→ Problem details:
Beginning with the first line, transcribe the entries below exactly through the line containing "Tire Valve Caps, Gold, 4", inclusive.

(Dataset records)
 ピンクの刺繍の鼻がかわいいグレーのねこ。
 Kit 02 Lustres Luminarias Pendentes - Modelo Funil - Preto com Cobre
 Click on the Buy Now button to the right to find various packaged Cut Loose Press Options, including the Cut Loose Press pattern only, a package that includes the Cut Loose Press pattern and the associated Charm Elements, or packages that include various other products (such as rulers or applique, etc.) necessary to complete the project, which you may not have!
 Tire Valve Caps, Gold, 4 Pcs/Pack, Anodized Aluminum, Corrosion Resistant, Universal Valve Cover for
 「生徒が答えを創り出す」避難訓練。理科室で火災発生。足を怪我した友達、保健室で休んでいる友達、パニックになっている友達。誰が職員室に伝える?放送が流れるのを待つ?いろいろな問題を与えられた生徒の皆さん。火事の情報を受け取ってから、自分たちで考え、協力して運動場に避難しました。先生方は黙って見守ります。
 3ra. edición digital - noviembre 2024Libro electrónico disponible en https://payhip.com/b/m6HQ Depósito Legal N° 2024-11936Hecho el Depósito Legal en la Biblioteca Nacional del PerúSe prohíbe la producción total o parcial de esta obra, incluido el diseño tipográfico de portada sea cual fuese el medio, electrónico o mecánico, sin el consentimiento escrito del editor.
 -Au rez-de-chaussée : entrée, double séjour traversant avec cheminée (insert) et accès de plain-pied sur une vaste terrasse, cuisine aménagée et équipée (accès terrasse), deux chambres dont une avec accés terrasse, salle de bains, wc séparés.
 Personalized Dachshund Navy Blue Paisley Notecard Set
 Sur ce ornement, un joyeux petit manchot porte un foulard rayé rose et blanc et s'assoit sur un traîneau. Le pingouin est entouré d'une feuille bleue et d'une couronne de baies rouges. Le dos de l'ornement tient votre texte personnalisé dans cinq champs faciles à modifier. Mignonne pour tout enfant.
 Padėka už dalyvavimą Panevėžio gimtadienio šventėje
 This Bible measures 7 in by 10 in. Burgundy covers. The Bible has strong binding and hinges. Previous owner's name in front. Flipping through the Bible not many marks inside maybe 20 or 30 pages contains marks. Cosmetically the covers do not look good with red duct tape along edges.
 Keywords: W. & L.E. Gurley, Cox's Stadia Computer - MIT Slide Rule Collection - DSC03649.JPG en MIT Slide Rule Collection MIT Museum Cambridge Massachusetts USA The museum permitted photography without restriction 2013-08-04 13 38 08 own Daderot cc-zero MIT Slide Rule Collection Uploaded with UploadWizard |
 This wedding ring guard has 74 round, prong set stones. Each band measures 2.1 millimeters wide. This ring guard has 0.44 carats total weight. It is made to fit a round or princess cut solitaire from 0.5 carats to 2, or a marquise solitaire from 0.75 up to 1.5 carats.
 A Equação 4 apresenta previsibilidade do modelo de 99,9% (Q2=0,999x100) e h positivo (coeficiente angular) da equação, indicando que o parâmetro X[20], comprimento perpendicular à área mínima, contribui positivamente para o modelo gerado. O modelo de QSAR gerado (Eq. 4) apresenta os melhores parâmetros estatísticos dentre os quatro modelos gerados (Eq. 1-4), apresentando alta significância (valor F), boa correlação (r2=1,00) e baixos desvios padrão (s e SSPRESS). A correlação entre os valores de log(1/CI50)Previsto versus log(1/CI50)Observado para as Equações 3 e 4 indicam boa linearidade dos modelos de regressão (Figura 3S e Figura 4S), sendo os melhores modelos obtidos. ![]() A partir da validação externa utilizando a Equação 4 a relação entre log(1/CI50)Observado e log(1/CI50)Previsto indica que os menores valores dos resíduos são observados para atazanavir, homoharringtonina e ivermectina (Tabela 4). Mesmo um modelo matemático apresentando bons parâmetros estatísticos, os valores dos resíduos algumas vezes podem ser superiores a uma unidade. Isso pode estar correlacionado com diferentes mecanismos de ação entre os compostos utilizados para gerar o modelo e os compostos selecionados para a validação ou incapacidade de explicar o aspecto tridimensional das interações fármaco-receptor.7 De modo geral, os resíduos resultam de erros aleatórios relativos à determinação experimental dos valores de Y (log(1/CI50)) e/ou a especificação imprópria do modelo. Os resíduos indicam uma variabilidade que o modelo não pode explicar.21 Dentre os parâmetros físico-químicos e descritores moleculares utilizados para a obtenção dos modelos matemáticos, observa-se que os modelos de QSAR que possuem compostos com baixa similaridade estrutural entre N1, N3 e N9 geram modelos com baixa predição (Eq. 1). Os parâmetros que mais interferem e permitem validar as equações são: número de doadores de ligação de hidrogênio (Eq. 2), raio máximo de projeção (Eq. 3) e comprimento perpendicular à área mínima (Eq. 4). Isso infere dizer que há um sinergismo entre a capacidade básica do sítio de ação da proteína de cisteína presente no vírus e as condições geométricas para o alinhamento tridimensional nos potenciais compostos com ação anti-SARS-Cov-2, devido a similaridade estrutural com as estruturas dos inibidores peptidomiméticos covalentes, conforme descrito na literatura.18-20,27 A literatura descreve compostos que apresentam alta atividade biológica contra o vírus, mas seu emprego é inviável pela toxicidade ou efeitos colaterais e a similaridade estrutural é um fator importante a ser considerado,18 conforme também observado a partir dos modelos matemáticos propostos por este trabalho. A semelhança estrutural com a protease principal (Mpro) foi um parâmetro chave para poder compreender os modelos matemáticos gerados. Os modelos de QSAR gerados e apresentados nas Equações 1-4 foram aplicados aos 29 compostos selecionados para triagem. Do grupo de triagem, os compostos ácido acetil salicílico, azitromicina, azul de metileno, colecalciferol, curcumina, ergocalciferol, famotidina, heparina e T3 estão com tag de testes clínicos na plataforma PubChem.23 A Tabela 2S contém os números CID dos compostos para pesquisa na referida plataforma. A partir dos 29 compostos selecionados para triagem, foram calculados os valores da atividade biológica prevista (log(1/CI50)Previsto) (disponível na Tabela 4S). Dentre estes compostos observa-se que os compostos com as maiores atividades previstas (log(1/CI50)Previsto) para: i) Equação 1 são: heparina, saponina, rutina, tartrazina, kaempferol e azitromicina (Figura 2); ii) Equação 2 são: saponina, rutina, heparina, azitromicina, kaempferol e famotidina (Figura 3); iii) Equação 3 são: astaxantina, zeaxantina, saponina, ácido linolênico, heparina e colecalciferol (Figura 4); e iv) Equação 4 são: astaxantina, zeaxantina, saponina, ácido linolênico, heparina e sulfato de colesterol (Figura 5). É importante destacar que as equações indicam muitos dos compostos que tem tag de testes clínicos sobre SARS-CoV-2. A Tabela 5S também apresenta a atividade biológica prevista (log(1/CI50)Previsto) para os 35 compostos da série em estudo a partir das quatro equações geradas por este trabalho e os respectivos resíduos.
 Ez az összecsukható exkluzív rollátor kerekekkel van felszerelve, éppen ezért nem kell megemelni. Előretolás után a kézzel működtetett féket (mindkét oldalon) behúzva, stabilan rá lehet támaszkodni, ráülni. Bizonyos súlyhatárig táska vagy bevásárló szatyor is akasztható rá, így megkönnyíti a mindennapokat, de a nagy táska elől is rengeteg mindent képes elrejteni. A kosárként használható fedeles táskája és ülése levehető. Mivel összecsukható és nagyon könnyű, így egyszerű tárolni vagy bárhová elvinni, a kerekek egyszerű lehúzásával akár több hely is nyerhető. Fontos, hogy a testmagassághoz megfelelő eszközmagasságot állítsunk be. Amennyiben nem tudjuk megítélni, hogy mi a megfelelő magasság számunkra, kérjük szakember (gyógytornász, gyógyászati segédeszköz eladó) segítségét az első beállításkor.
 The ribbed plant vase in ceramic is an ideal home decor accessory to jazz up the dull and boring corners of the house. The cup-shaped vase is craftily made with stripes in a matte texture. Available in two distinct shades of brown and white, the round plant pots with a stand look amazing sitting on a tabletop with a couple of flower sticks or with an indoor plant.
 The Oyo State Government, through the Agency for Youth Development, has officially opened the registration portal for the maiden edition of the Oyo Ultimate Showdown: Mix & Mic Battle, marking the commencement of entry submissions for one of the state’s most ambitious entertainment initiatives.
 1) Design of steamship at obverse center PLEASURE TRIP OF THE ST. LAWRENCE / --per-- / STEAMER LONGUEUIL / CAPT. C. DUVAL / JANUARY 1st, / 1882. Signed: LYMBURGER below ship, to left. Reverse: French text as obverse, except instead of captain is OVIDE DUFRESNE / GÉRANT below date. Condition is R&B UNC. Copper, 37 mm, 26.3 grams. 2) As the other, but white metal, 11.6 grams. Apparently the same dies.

→ Solution to this exercise:
 ピンクの刺繍の鼻がかわいいグレーのねこ。
 Kit 02 Lustres Luminarias Pendentes - Modelo Funil - Preto com Cobre
 Click on the Buy Now button to the right to find various packaged Cut Loose Press Options, including the Cut Loose Press pattern only, a package that includes the Cut Loose Press pattern and the associated Charm Elements, or packages that include various other products (such as rulers or applique, etc.) necessary to complete the project, which you may not have!
 Tire Valve Caps, Gold, 4 Pcs/Pack, Anodized Aluminum, Corrosion Resistant, Universal Valve Cover for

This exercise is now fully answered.